The framework is voluntary for now, but Anthropic has committed to using it to calibrate its response. For the most severe class of jailbreaks (those that could impact critical infrastructure), Anthropic says it will begin deploying preliminary mitigations immediately upon confirmation. The company is also launching a HackerOne program for cyber jailbreak submissions and standing up a 24/7 monitoring team.

What the Government Commitments Look Like

Anthropic's blog post also detailed a new set of commitments to deeper government collaboration that will apply to all future frontier model releases. These include pre-release government access and evaluation for models advancing the capability frontier in national security-relevant areas, rapid information sharing on significant jailbreaks and misuse patterns, dedicated compute allocations for government testing and research, and a commitment to working toward a shared voluntary security standard for all frontier model providers.

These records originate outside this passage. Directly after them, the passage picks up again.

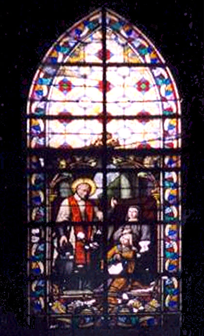 Vincent de Paul, Louise de Marillac (perhaps), a girl; original, perhaps in parish church, Geaume. Window in poor condition.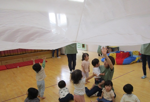 最後はオーガンジーのパラシュートをしました。ふわふわ上下するパラシュートに手を伸ばしたり上をじーと眺めたりと、とても嬉しそうな子ども達でした!!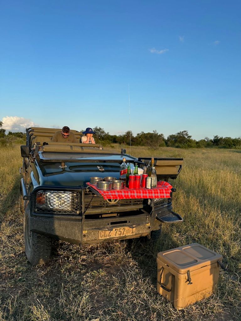Around 6:00 PM we’d stop for a Sundowner drink and snack in the bush, somewhere with a nice view of the African sun lowering in the sky. You could pre-order any drink you wanted from the bar and it was all brought out in a cooler. And most of the time we’d stop at a spot that had one or two bars of mobile phone service, which proved to be quite useful as the camp internet went down for 2.5 days the next morning.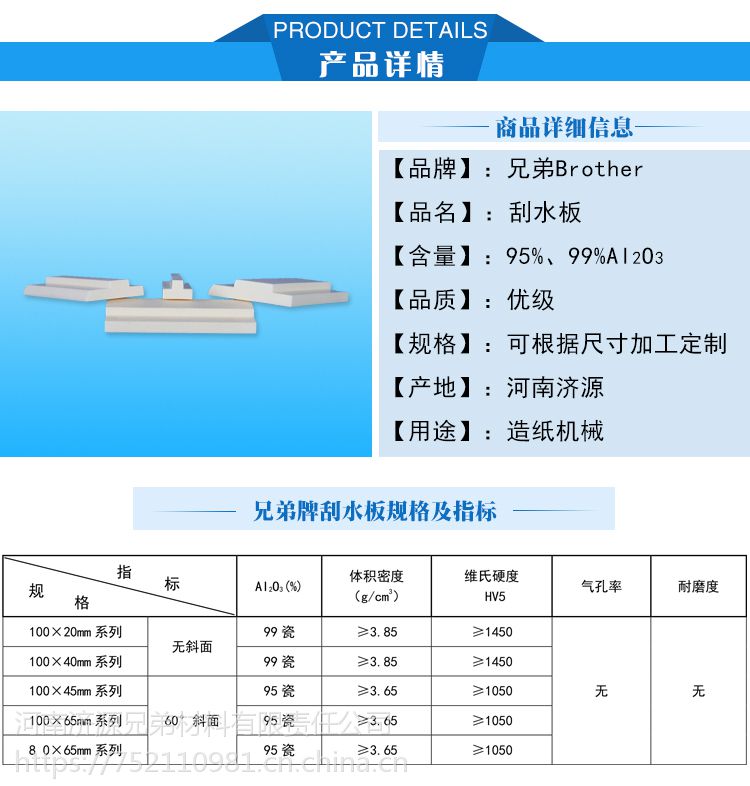 兄弟牌99氧化铝陶瓷刮水板具有强度高、硬度高、耐磨性好、摩擦系数小等特点,品质远高于国内同行业产品,上市不久就受到业界的认可和使用厂家的信赖,将逐步替代进口陶瓷。产品现有规格20、30、40、45、65、200等,还可根据客户要求加工不同规格的产品。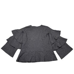 Edward Achour Paris Designer Grey Bell Ruffle Sleeve Sweater
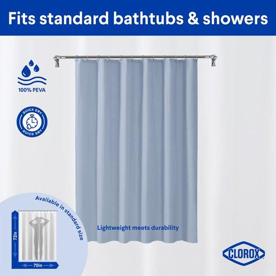 - Clorox Clean Shower Lightweight PEVA Liner & Hook Set, Standard 70" x 72" & 12 C Hooks - Blue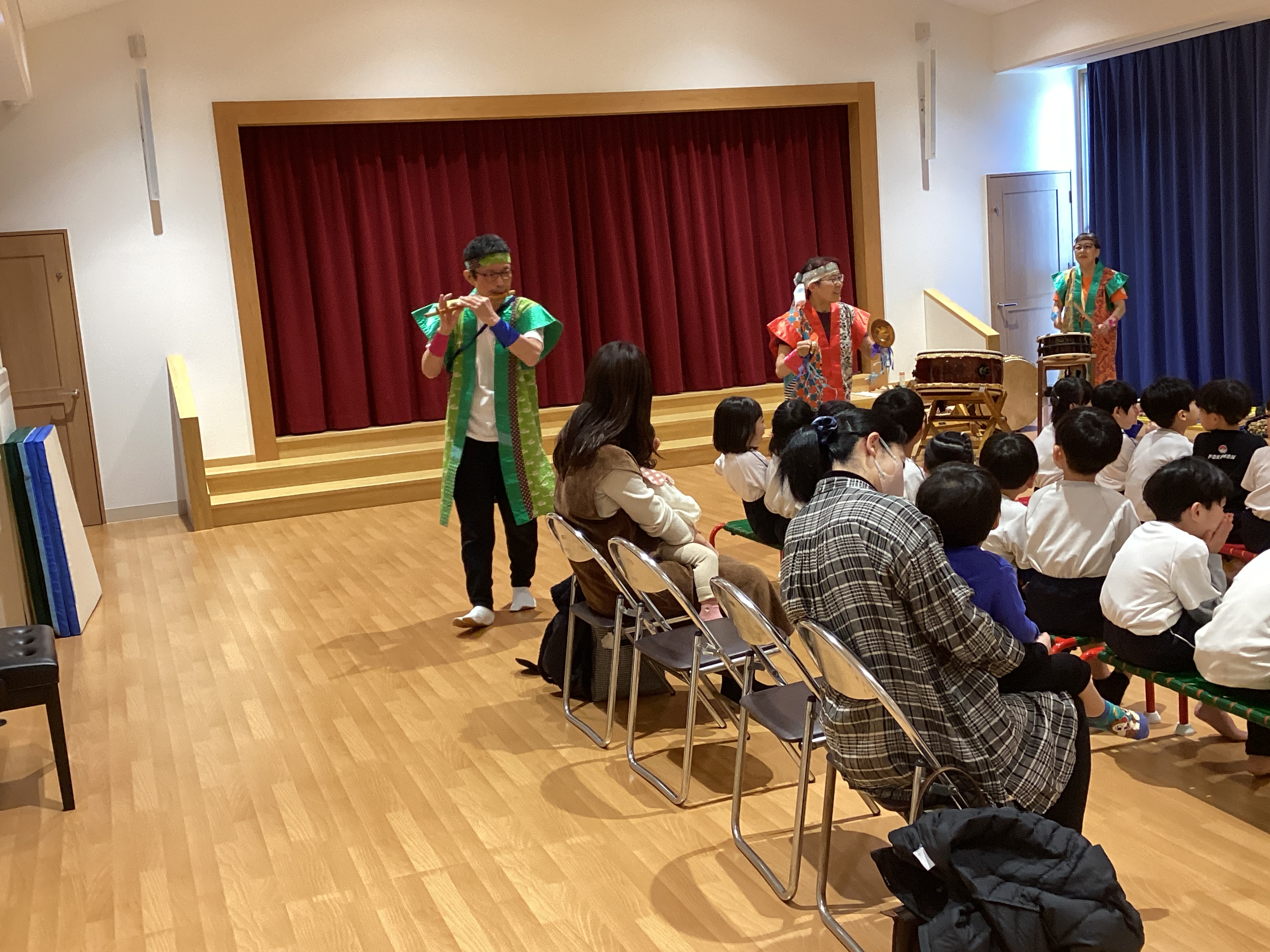 太鼓だけでなく、竹でできた笛も登場しました。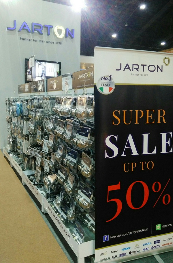 ช็อปกันให้จุใจ สำหรับคนรักบ้าน พบกับบูธ "JARTON" ในงาน บ้านและสวนแฟร์ วันที่ 22 - 30 ก.ค.2560 ที่ไบเทคบางนา Hall 100-105 บูธ G57-58,G80-81 สินค้าคุณภาพในราคาที่จับต้องได้ มาพร้อมกับโปรฯลด 50% พิเศษสำหรับลูกค้าที่ add Line ลดเพิ่มอีก 5% สินค้ามากมายราคาเริ่มต้นเพียง 45บาท อาทิเช่น กลอนประตู,ลูกบิด,มือจับ,กุญแจ,บานพับ รวมถึงสิ่งอำนวยความสะดวกครบครัน และไฮไลท์อยู่ที่ตัวล็อคระบบติจิตอล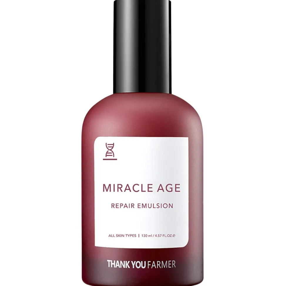 Die Thank You Farmer Miracle Age Repair Emulsion ist eine Anti-Aging-Emulsion, die trockener, fett- und feuchtigkeitsarmer Haut viel Feuchtigkeit und Nährstoffe spendet. Idealer Hauttyp: Trocken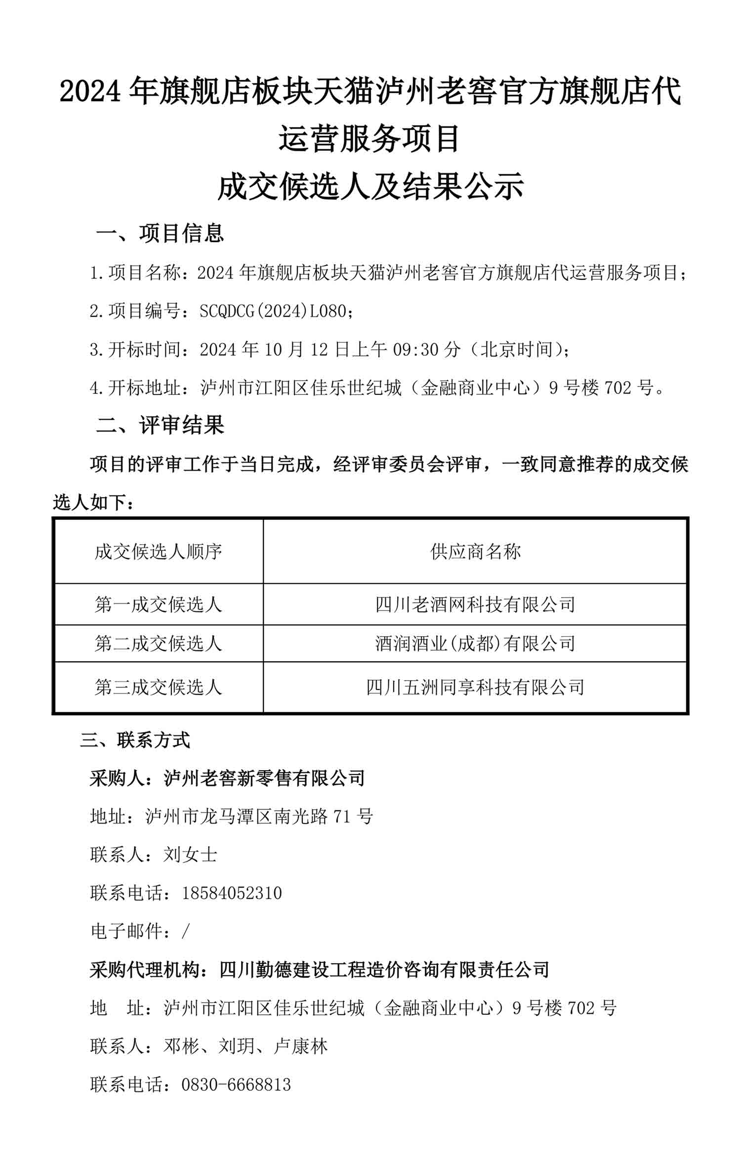 2024年天猫蘑菇视频 官方旗舰店代运营服务项目成交候选人及结果公示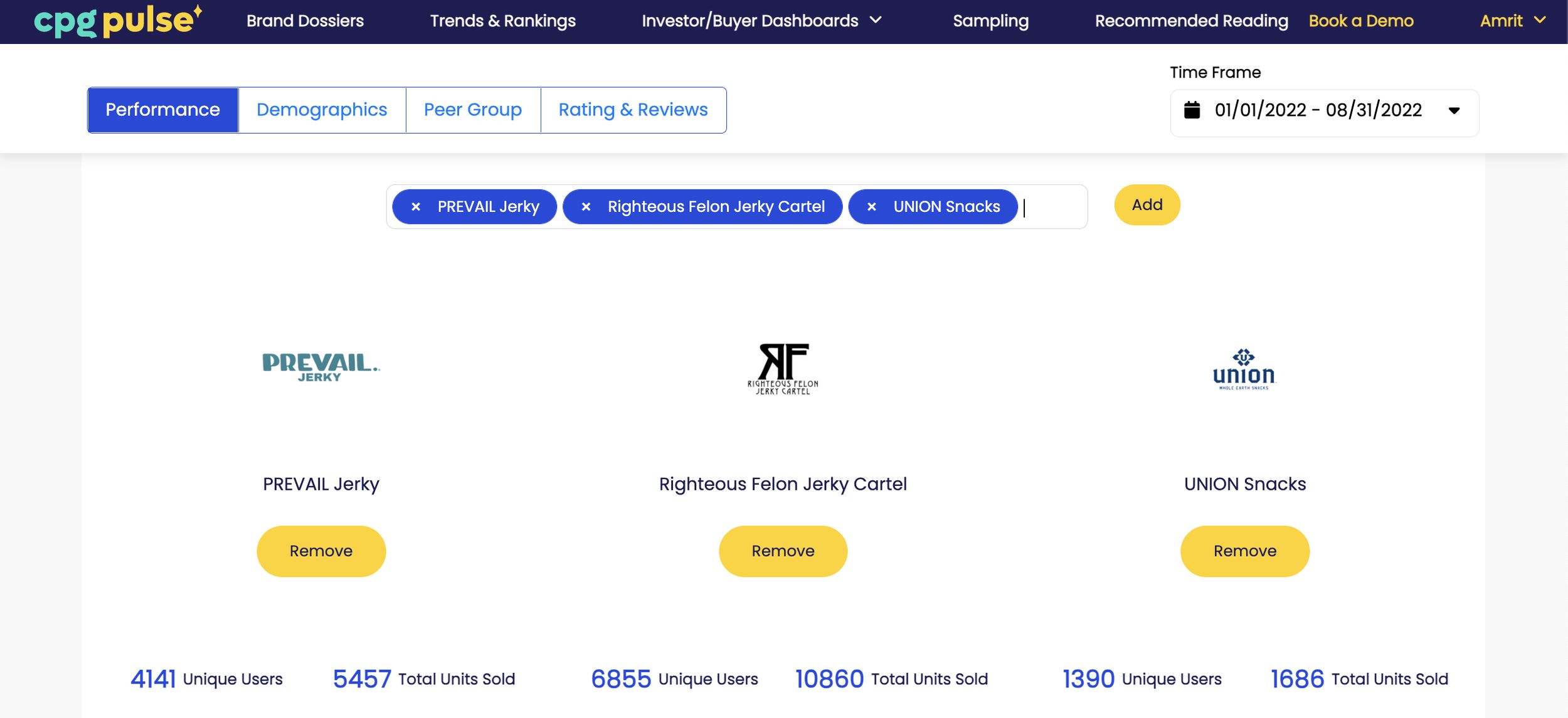 Using CPGPulse we compared sales of PREVAIL Jerky, Righteous Felon Jerky Cartel, and UNION Snacks on SnackMagic since 1/1/2022.

This is essentially a pre-clearance process. Anthropic will provide designated government partners with expanded early access to both models and their safeguards before broad release, with dedicated technical staff working alongside government evaluators. The company describes this as the beginning of a template for effective global coordination.

What Founders Need to Do

Audit your dependency chain. If your product uses Fable 5 or Mythos 5, test against the new classifiers immediately. The increased false-positive rate for cybersecurity-adjacent tasks means you need a fallback strategy. Do not assume pre-shutdown behavior will be identical post-redeployment.

Prepare for your own pre-clearance process. The Anthropic playbook (pre-release government evaluation, shared jailbreak frameworks, dedicated testing resources) will become the expectation for any company building frontier-capability models. If your model could be used for anything the government deems nationally significant, start building relationships with CAISI or equivalent bodies now.

Adopt a jailbreak severity framework. The four-factor scoring system Anthropic proposed is likely to become the industry norm, much like CVSS did for software vulnerabilities. Implementing it now, even as an internal tool, positions you ahead of what will likely become a compliance requirement.

Watch for the Mythos 5 precedent. While Fable 5 was redeployed globally, Mythos 5 is still restricted to a set of US organizations approved through the Glasswing program. This two-tier approach (a public model with guardrails and a restricted model available only to trusted partners) is likely to become the standard template for future frontier model releases. Founders should plan for multiple access tiers.